Another study of tenofovir DF in HIV-infected children also revealed higher tenofovir exposures at steady state (day 7) compared to values observed in a separate group of subjects who received a single dose of tenofovir DF as monotherapy on day 1 (S. Blanche and J. Bresson, unpublished data). All of the subjects at steady state in that study were receiving tenofovir DF as part of a combination regimen that included lopinavir-ritonavir, and the results observed served to confirm the consistency of tenofovir DF pharmacokinetics in children.
Further elucidation of a possible mechanism for an interaction between low-dose ritonavir and tenofovir DF is necessary. In particular, studies in children receiving unboosted or protease inhibitor-sparing regimens are necessary to determine if higher tenofovir DF doses are warranted to achieve the desired drug exposure.
Tenofovir DF was well tolerated by HIV-infected children. Only 2 of 18 children in the present study experienced an event that required protocol-mandated permanent discontinuation of the study drug during the first 4 weeks. In both instances, the children developed asymptomatic grade 3 transaminase elevation during the monotherapy phase of the study, which resolved without sequelae. Longer-term toxicity and the efficacy of the combination regimens are being assessed as the study progresses.

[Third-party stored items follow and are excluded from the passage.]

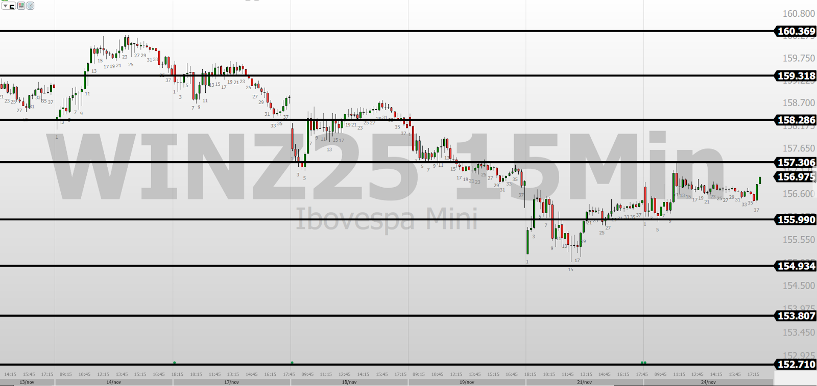 Nesta quarta-feira (26/11/2025), rompendo e trabalhando acima da região de preço 157.760, pode encontrar resistências nas regiões de preços 158.689, 159.630 e 160.514.
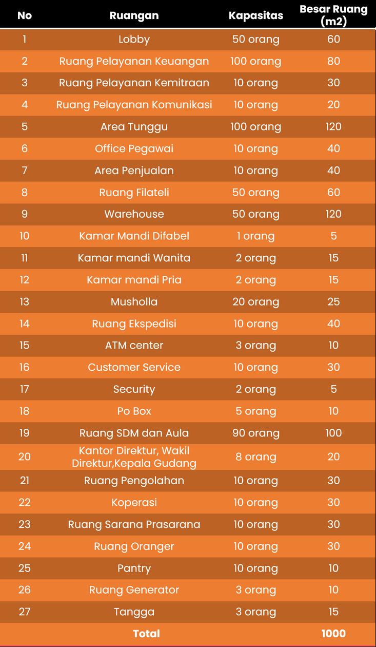e. Area Tunggu f. Office Pegawai g. Area Penjualan h. Ruang Filateli i. Warehouse a. Lobby b. Ruang Pelayanan KeuanganKamar mandi untuk pengunjung disediakan sesuai jenis
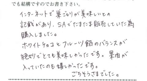息子が八ヶ岳によく登ります。お土産に「いと忠巣ごもり」を初めて買って来ました。今迄買って来てくれたお土産で、これ程美味しいものはありません...
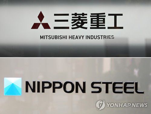 미쓰비시중공업(위)과 일본제철 본사 간판 |
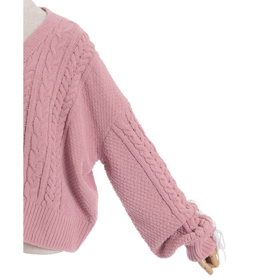 毎年大人気!編み上げデザインのべロアモールニットカーディガン
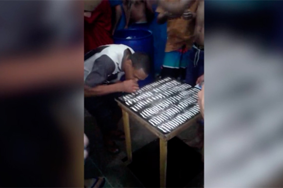 O vídeo mostra em torno de 120 carreiras da droga distribuídas em fileiras. Doze presos consomem o pó, enquanto que os demais incentivam e assistem. Além da cocaína, as imagens flagram ainda pelo menos três celulares com os presidiários. Um quarto aparelho teria sido usado para gravar o vídeo.
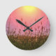 Gräser auf der Wiese mit rosa Hintergrund und Sonne
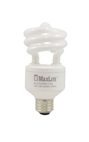 Studio : MaxLite Publisher : MaxLite Binding : Tools Home Improvement Product Description The MaxLite MLS15EADWW is a CFL light bulb with a 2700K color temperature. This gives it a warm white glow. This MaxLite bulb has a E26 base with a spiral bulb shape.This MaxLite CFL bulb has a lumen output of 900 with a wattage of 15W, which is the equivalent of an incandescent bulb with wattage of 60W. This MaxLite light bulb features dimmable capabilities. This MaxLite light bulb has a lifespan of 8,000 hours. 0
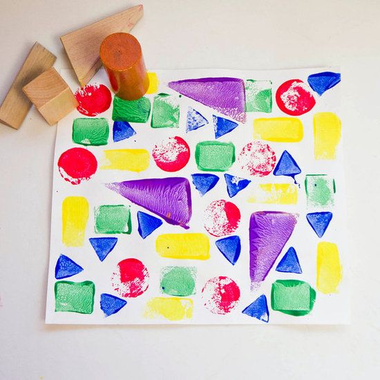 2. Wooden Block Prints: This project is as simple as collecting a few of your toddler’s wooden blocks and adding some paint. Block prints are colorful and fun, with bold and geometric results. Plus, this art activity is seriously easy, making it perfect for little ones. If (via Popsugar)
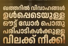 ദോഹ: ഖത്തറിൽ വിവാഹങ്ങളും അനുശോചന ചടങ്ങുകളും ഉൾപ്പെടെയുള്ള സാമൂഹിക ഒത്തുചേരലുകൾ തുറസ്സായ സ്ഥലങ്ങളിൽ (Outdoor) സംഘടിപ്പിക്കാൻ അനുമതി നൽകിയതായി ആഭ്യന്തര മന്ത്രാലയം അറിയിച്ചു. 2026 മാർച്ച് 25…
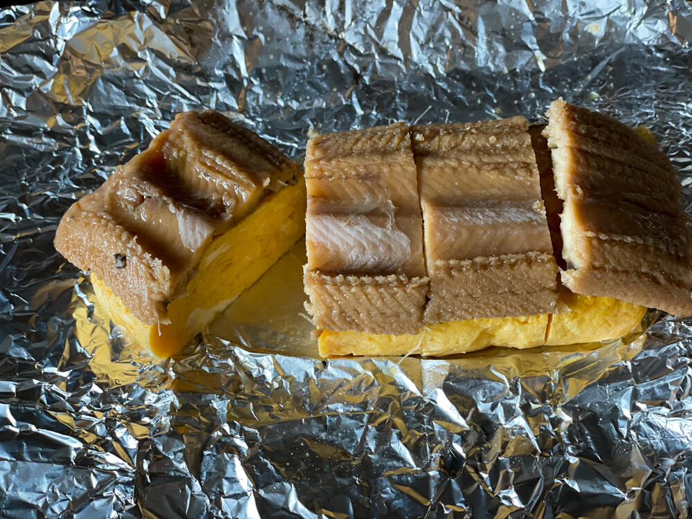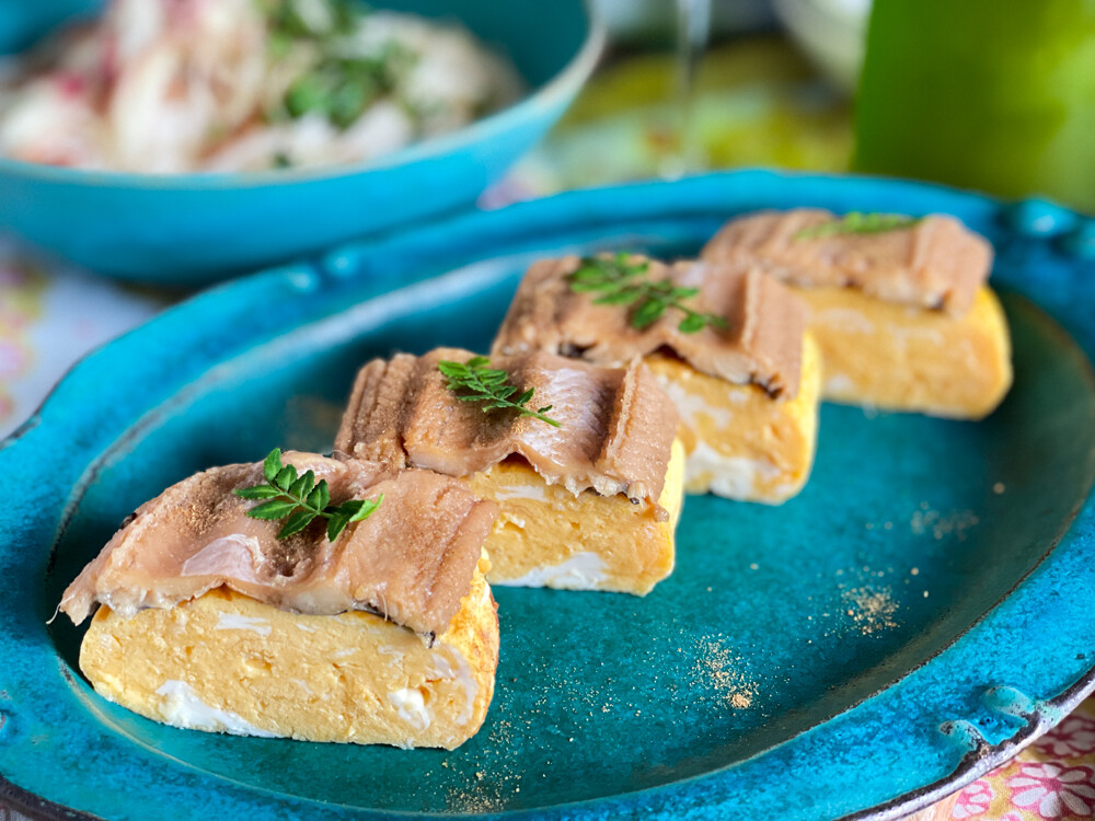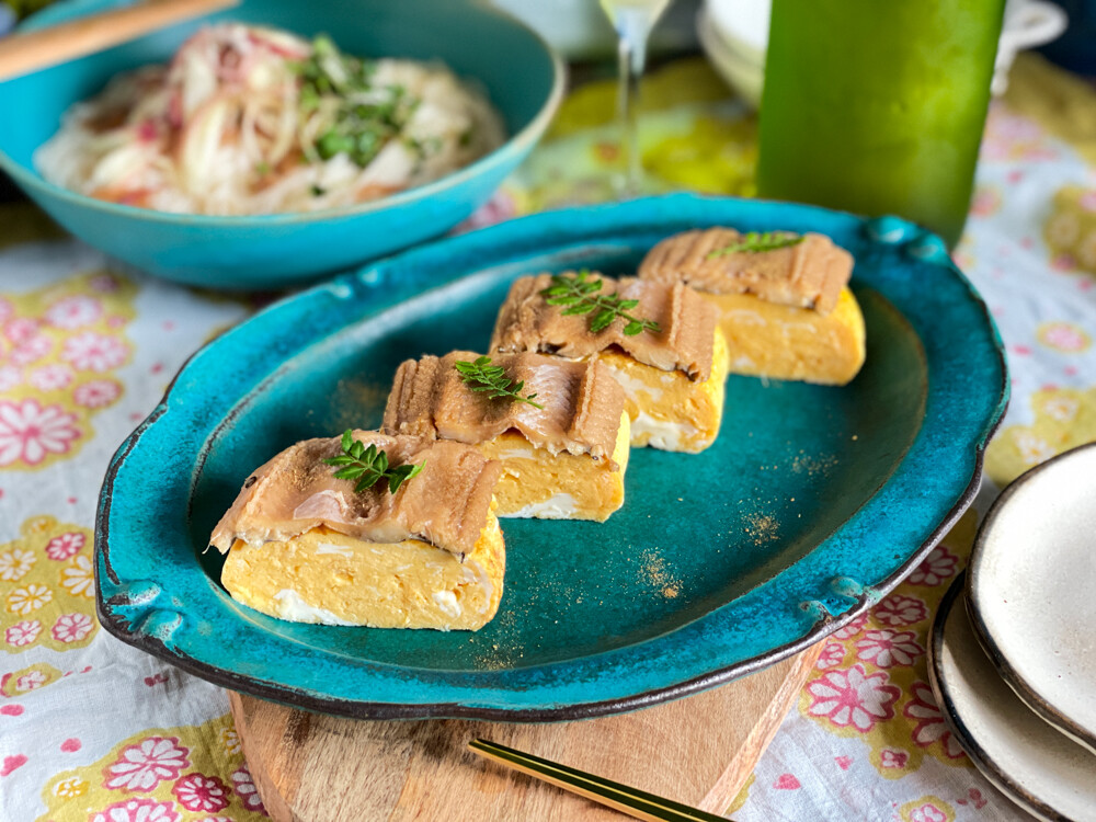 うまうまな出汁焼き卵の上に穴子トッピングな夏のおつまみ。
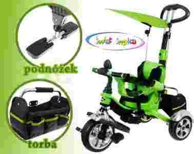 - z tyłu regulowany drążek połączony z kierownicą, którym można w każdej chwili skorygować manewry dziecka,
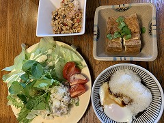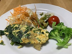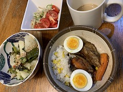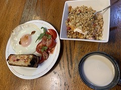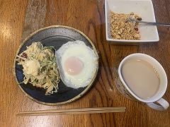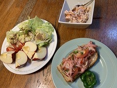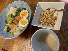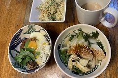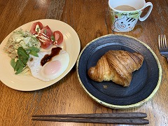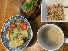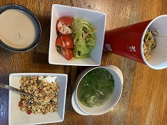 I had salad, a fried egg, a croissant, and cafe au lait for my breakfast. For my lunch, I had cherry tomato cheese toast topped with basil leaves and cafe au lait. The table was became tidy. I think this is a limited, short-term phenomenon. I went to Torisen to buy milk. I also bought some Sukeroku sushi, which was half price to reduce food waste. I had vegetable soup, cabbage and tomato salad, natto, granola yogurt, and Sukeroku for my evening meal. |
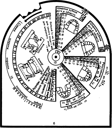 Рис. 4.8. Продолжение. На лицевой стороне ортодонтометра (диск «а») находят размер суммы коронок верхних резцов SI, соответствующий Si, с учетом глубины резцового перекрытия (в частности, сектор 1 — прикус ортогнатический, сектор 2 — прямой, сектор 3 — глубокий (см. нижнюю половину диска). В верхней половине диска обозначены нормальные размеры боковых сегментов зубных дуг (L), соответствующие определенным размерам Si (в секторе 5 при ортогнатическом прикусе, в секторе 6 — при прямом, в секторе 7 — при глубоком). В секторах 4 и 8 обозначены суммы ширины коронок постоянных клыков и премоляров для нижней (4) и верхней (8) челюстей, прогнозируемые по Si, и процент вероятности полученных данных. На оборотной стороне ортодонтометра (диск «б») справа находят нормальную ширину зубных дуг в области 414 (сек- 4|4" тор 9), 6 | 6 (сектор 10), длину переднего отрезка верхней зуб- 6|^ ной дуги (сектор 11), длину переднего отрезка нижней зубной дуги (сектор 12), соответствующие Si при ортогнатическом прикусе. На левой стороне диска определяют длину и ширину апикального базиса нижней и верхней зубной дуги, исходя из суммы ширины коронок 12 зубов (сектор 13). Пользуясь ортодонтометром, можно определить: 1) пропорциональность размеров верхних резцов нижним резцам в пределах 19—25, 9 мм с точностью до 0, 1 мм при нормальном, прямом и глубоком прикусах; 2) длину боковых сегментов зубных дуг, пропорциональную сумме размеров нижних резцов; 3) ширину зубной дуги в области первых премоляров; 4) ширину зубной дуги в области первых моляров; 5) длину переднего отрезка верхней зубной дуги; 6) длину переднего отрезка нижней зубной дуги для нормального, широкого и узкого лица; 7) ширину и длину апикального базиса верхней и нижней зубных дуг в зависимости от суммы размеров 12 постоянных зубов. Кроме того, можно определить необходимое место для постоянных клыков и премоляров до их прорезывания по сумме ширины коронок нижних резцов с точностью от 5 до 95%, а следовательно, установить показания к удалению отдельных зубов при значительном дефиците места. Для удобства пользования ортодонтометром выбраны оптимальные значения суммы ширины коронок нижних резцов от 19 до 25, 9 мм и суммы ширины 12 постоянных зубов от 81 до 104 мм. В информационную основу ортодонтометра заложены сведения по описанным выше диагностическим методикам. Следует подчеркнуть, что изучение моделей челюстей не всегда позволяет получить информацию, достаточную для постановки диагноза. Для уточнения средней индивидуальной нормы, установления гнатических форм зубочелюстных аномалий требуются другие лабораторные методы. Они могут быть самостоятельными или сочетаться с изучением диагностических моделей челюстей. Глава 5
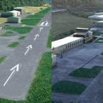 Terraforming of entire airstrip and complete surroundings by high resolution DEM data. (20m vertical, 0.1m lateral resolution)
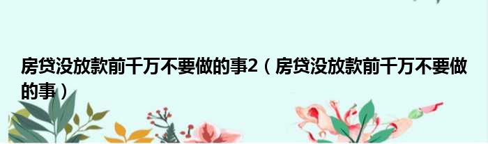 房贷没放款前千万不要做的事2(房贷没放款前千万不要做的事)

Based upon its tolerability, safety, resistance profile, and pharmacokinetic properties in children, tenofovir DF could prove to be a beneficial agent for inclusion in pediatric HIV combination therapy regimens, particularly for those children who have failed prior antiretroviral therapy regimens. Because this study was limited to older children able to swallow pills, the pharmacokinetics, safety, and tolerability of the drug, including a liquid formulation, will need to be studied in younger children and infants. Steady-state absorption, elimination, and variability of tenofovir pharmacokinetics in children treated with tenofovir DF-containing combination regimens approached those seen in HIV-infected adults treated with 300 mg once daily.